> _INSTRUCTIONS TO FOLLOW_
In the records below, find the line holding "Грамота. За активное" and the line holding "Espetinho de frango, Bacon". Set down both, with every line between them, exactly.

> _THE INPUT_

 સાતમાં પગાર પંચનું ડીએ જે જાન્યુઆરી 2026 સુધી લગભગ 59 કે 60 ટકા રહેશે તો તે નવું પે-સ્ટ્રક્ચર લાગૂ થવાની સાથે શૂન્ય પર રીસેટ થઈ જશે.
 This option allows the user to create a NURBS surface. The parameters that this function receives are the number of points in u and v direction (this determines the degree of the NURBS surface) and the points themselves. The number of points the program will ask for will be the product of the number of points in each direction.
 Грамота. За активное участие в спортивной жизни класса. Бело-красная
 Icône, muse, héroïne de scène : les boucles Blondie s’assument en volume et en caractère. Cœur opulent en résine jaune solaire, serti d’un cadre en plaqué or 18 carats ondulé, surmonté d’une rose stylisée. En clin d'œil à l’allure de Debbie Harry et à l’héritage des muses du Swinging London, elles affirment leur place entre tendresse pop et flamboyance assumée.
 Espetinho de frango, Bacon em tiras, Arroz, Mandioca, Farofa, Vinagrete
* * *
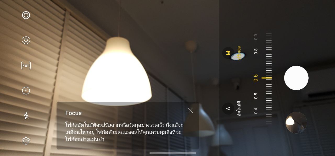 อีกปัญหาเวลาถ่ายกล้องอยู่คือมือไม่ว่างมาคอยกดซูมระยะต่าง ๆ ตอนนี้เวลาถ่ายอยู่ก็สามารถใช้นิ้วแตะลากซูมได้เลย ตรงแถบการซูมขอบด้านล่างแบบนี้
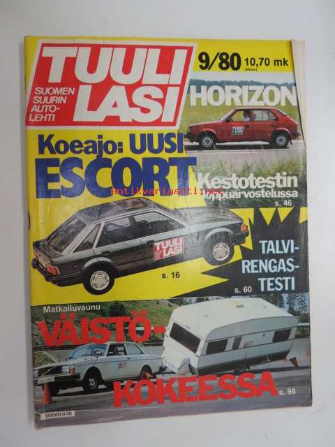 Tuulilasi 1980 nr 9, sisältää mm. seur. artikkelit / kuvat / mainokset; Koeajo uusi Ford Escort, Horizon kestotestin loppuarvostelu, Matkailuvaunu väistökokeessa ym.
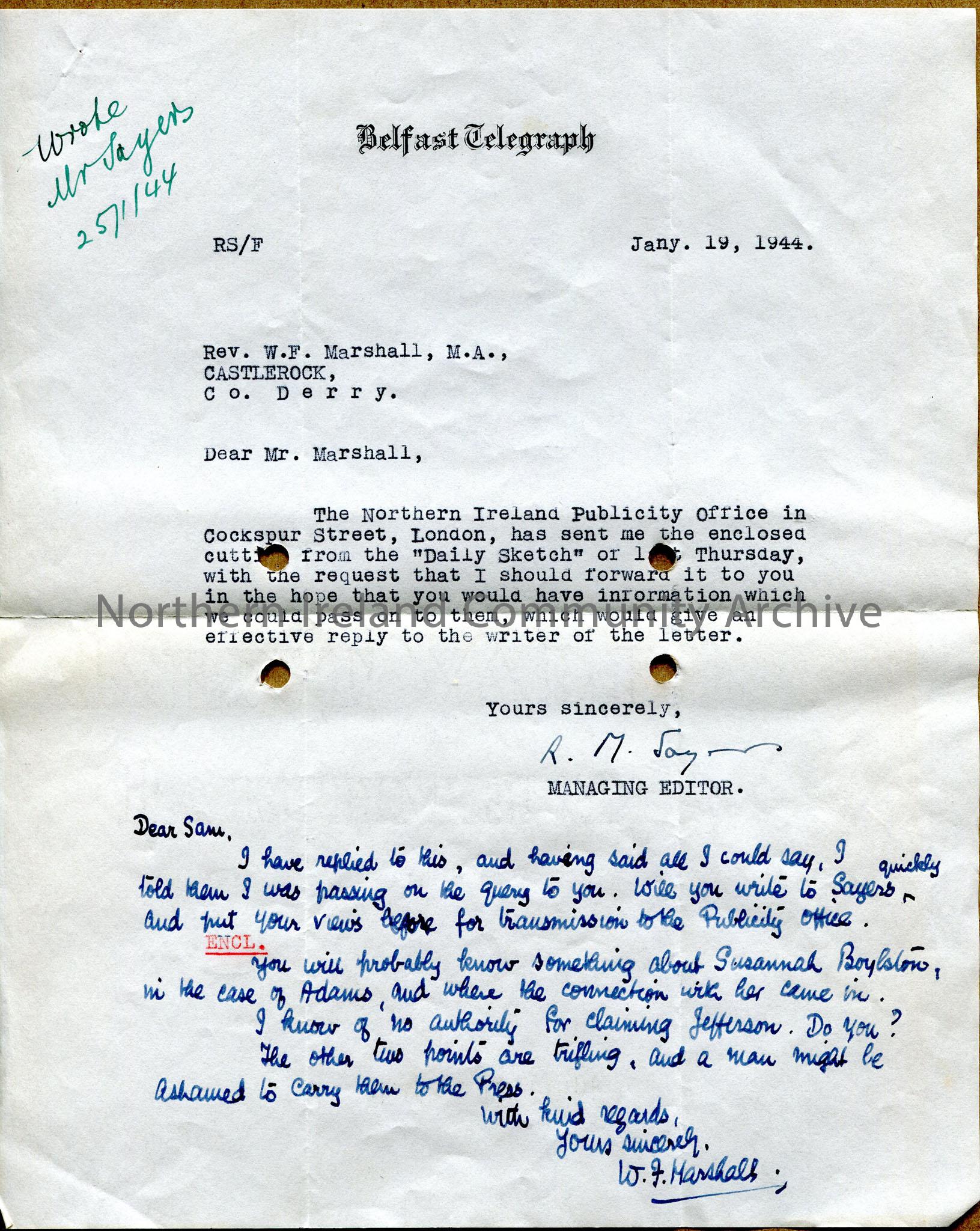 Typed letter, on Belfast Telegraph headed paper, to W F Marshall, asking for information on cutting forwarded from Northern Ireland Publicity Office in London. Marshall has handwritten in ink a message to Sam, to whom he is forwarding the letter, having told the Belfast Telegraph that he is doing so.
==
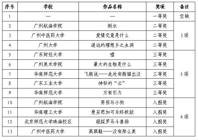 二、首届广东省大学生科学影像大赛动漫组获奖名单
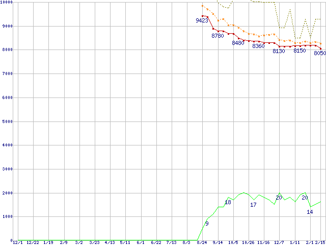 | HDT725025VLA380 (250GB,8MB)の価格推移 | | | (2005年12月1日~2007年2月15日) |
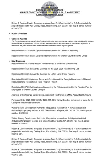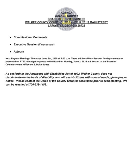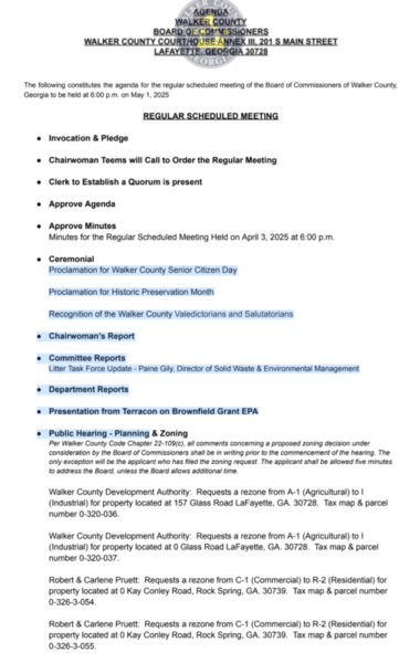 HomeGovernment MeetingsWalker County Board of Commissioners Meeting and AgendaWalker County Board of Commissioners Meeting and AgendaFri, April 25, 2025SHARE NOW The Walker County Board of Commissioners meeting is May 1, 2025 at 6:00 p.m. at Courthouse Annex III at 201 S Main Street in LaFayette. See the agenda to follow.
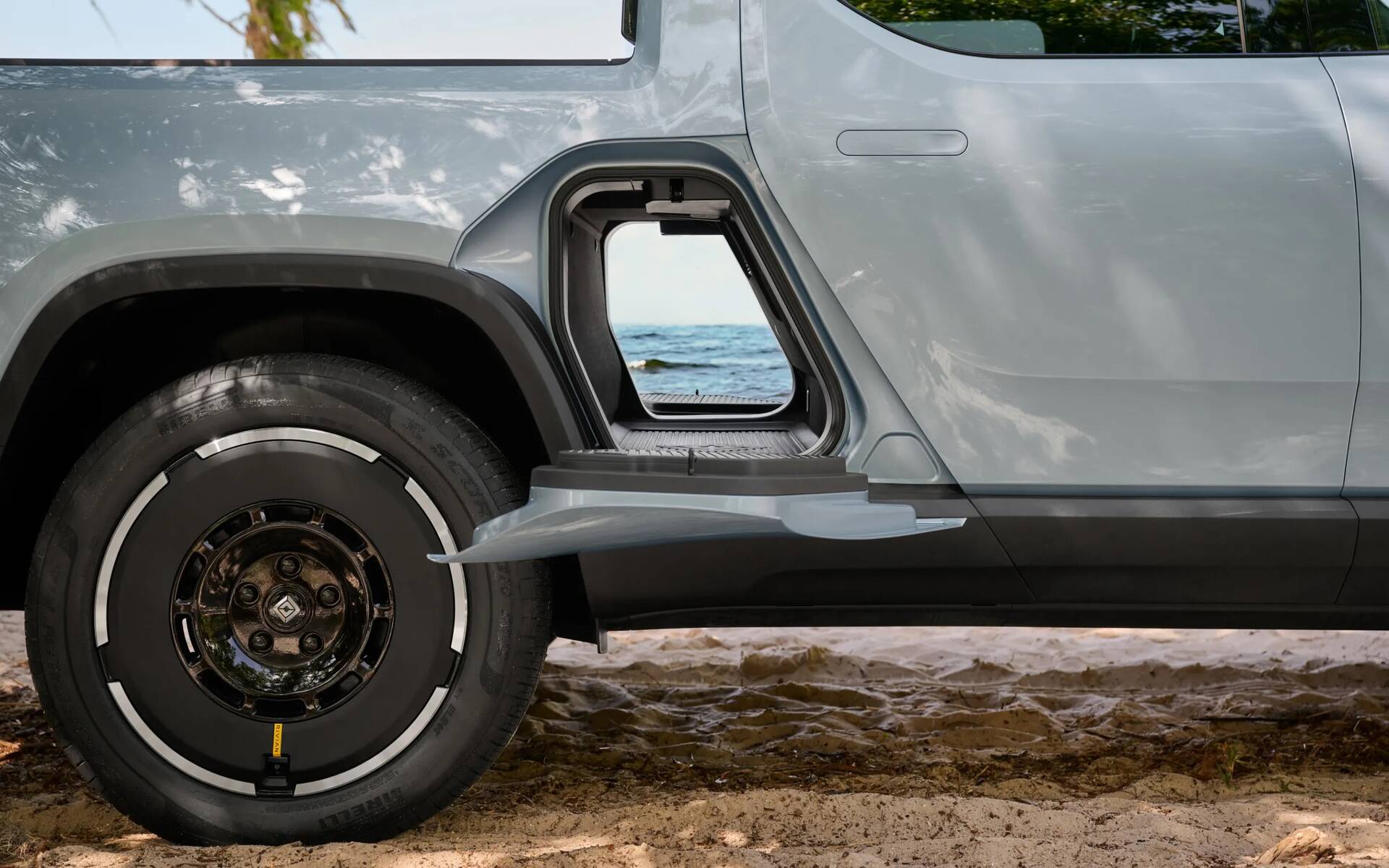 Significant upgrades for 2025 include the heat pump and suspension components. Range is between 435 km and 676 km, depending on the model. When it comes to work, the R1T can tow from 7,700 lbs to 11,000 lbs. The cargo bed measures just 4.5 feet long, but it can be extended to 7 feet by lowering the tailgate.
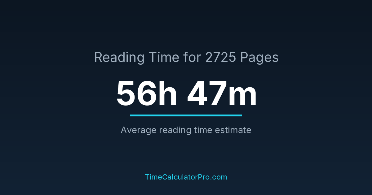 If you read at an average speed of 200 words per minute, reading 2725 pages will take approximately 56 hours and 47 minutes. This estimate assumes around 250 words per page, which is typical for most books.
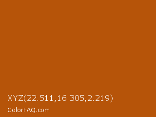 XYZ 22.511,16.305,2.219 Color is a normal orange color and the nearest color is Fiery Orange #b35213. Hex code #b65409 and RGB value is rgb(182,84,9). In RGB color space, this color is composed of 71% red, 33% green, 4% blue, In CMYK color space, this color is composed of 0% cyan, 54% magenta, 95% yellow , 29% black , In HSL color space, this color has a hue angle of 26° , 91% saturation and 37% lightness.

> _ANSWER SPACE_
 Грамота. За активное участие в спортивной жизни класса. Бело-красная
 Icône, muse, héroïne de scène : les boucles Blondie s’assument en volume et en caractère. Cœur opulent en résine jaune solaire, serti d’un cadre en plaqué or 18 carats ondulé, surmonté d’une rose stylisée. En clin d'œil à l’allure de Debbie Harry et à l’héritage des muses du Swinging London, elles affirment leur place entre tendresse pop et flamboyance assumée.
 Espetinho de frango, Bacon em tiras, Arroz, Mandioca, Farofa, Vinagrete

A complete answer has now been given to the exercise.